No en vano a Países Bajos le llaman la Naranja Mecánica, y Louis Van Gaal es tan creativo como Stanley Kubrick. Los norteños de Gregg Berhalter (formado en equipos holandeses entre 1994 y el 2000) dominaron el balón, tuvieron más remates al arco y propusieron un juego más parecido al cuadro Orange de Rinus Michels y Johan Cruyff. Pero, aunque sigue de naranja, ya Holanda no es Holanda y el fútbol total es a contragolpes, dicen ahora.
El universo invertido. De cualquier manera, no se impuso Hollywood ante las ideas claras del director neerlandés. Depay y De Jong fueron la semilla de donde parten de la creación a la riposta. Blind y Dumfries fueron dos ramas infinitas que se cruzan en el área rival, donde anotaron y asistieron entre ellos, algo que nunca habían conseguido dos defensas en un mismo partido de la Copa del Mundo.

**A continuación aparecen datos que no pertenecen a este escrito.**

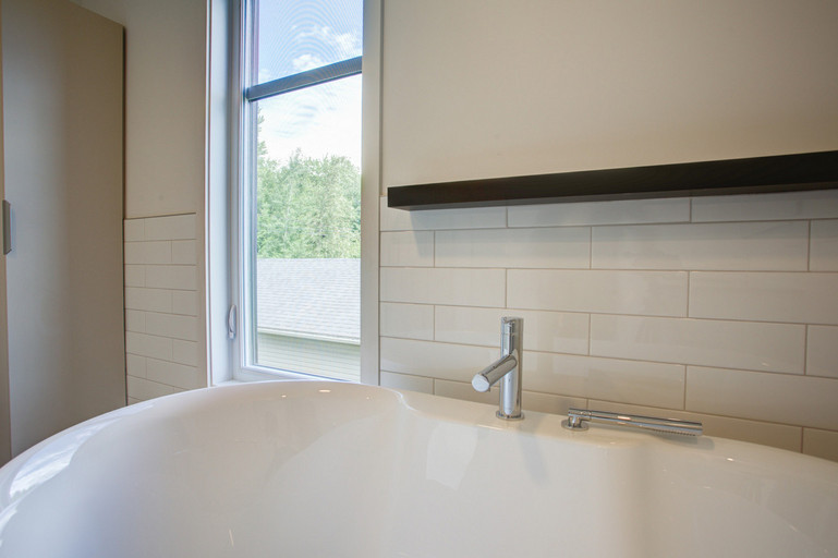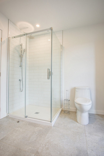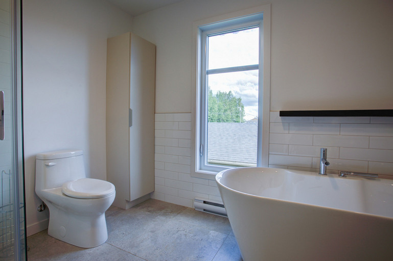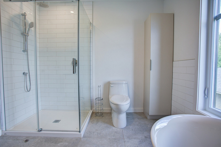 • Salle de bain principale à l’étage avec douche en verre et bain séparé

Los norteamericanos parecía que entendían el juego, pero Pulisic no fue Donovan ni Dempsey en esta jornada. La parabola de Wright fue lo único ilógico del ataque de Estados Unidos, por eso fue el único gol que pudieron anotar. Países bajo acoso, bajo asedio. Y Van Gaal sin sudar, moviendo su plan macabro como lo tenía previsto: orden, despliegue y sacrificio. Noppert sigue de portero tapado en Qatar. Una naranja que saca el viejo Louis del fondo de la tierra.
Países Bajos es un equipo que no tiene dudas, peligrosísimo en esta instancia decisiva de la Copa. En cuartos se repetirá la semifinal contra Argentina del 2014, cuando el mismo personaje estaba en el banquillo de los europeos, cuando tenían dos carrileros como la afilada punta de las ramas. El Mundial de Estados Unidos será el próximo, nunca mejor dicho. Algunas estrellas no han subido al cielo todavía.